◆ AIM OF THE TASK
Find "第一冶炼厂平台扩建工程主要针" and "Jorge Mercader celebrates" in the records below. Copy the lines holding them and every line between, exactly, and no others.

◆ LISTED ENTRIES
══════════
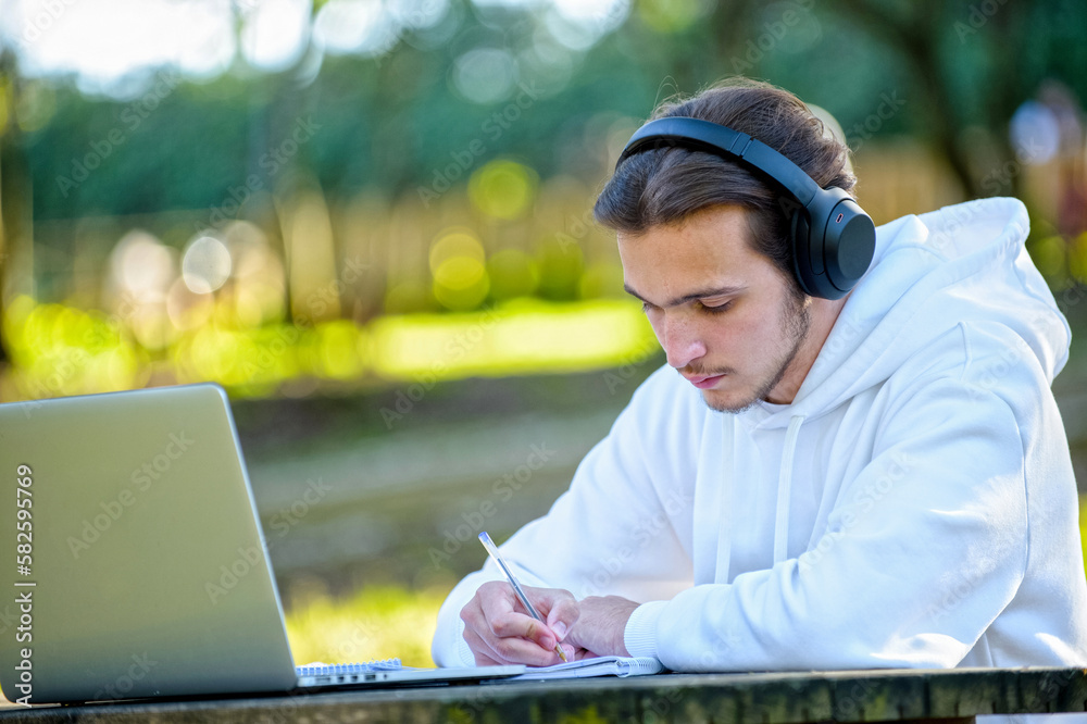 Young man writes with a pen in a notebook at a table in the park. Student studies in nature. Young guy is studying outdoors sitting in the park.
══════════
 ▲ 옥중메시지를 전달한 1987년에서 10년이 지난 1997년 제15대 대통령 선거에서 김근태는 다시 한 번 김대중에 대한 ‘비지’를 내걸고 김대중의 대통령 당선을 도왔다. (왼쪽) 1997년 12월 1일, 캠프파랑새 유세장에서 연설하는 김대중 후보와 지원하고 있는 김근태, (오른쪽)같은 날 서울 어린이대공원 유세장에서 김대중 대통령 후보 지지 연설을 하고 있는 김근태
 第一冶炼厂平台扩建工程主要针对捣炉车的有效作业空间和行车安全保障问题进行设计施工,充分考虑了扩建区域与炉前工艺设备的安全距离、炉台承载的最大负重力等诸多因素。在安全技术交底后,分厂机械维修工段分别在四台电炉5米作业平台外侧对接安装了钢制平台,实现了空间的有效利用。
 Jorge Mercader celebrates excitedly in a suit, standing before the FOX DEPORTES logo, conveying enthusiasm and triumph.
══════════
◆ FINISHED EXERCISE
 第一冶炼厂平台扩建工程主要针对捣炉车的有效作业空间和行车安全保障问题进行设计施工,充分考虑了扩建区域与炉前工艺设备的安全距离、炉台承载的最大负重力等诸多因素。在安全技术交底后,分厂机械维修工段分别在四台电炉5米作业平台外侧对接安装了钢制平台,实现了空间的有效利用。
 Jorge Mercader celebrates excitedly in a suit, standing before the FOX DEPORTES logo, conveying enthusiasm and triumph.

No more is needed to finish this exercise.